Reputation: 572
I have written a data preprocessing codes in Pandas UDF in PySpark. I'm using lambda function to extract a part of the text from all the records of a column.
Here is how my code looks like:
@pandas_udf("string", PandasUDFType.SCALAR)
def get_X(col):
return col.apply(lambda x: x.split(',')[-1] if len(x.split(',')) > 0 else x)

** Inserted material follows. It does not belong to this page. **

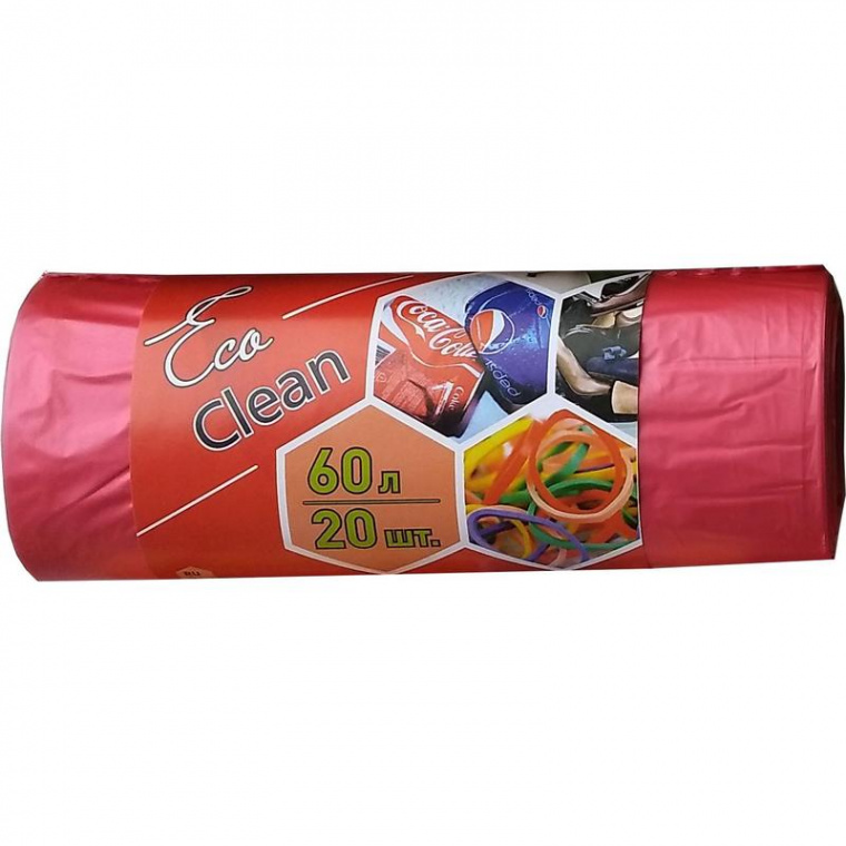 Мешки для мусора на 60 литров красные (10 мкм, в рулоне 20 штук, 58×68 см)
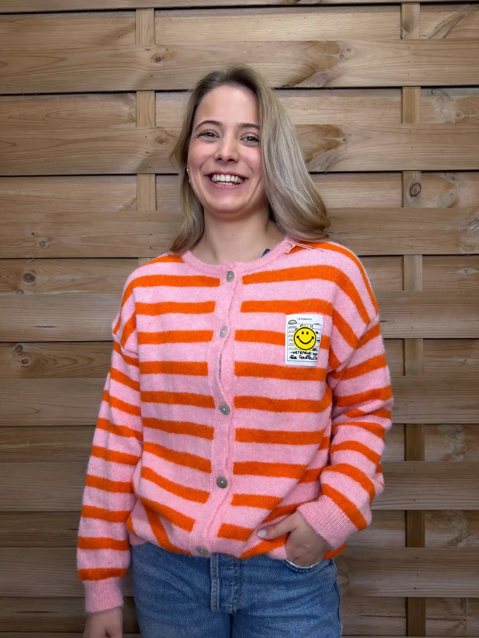 Lässiger Strickliebling mit Gute-Laune-Vibe – diese weiche Streifen-Strickjacke mit Knopfleiste und süßem Patch-Detail bringt einen verspielten Akzent in deinen Look und sorgt gleichzeitig für gemütlichen Tragekomfort im Alltag.

df = df.withColumn('X', get_first_name(df.Y))
This is working fine and giving the desired results. But I need to write the same piece of logic in Spark equivalent code. Is there a way to do it? Thanks.
Upvotes: 1
Views: 9937
Reputation: 74355
Given the following DataFrame df
:
df.show()
# +-------------+
# | BENF_NME|
# +-------------+
# | Doe, John|
# | Foo|
# |Baz, Quux,Bar|
# +-------------+
You can simply use regexp_extract()
to select the first name:
from pyspark.sql.functions import regexp_extract
df.withColumn('First_Name', regexp_extract(df.BENF_NME, r'(?:.*,\s*)?(.*)', 1)).show()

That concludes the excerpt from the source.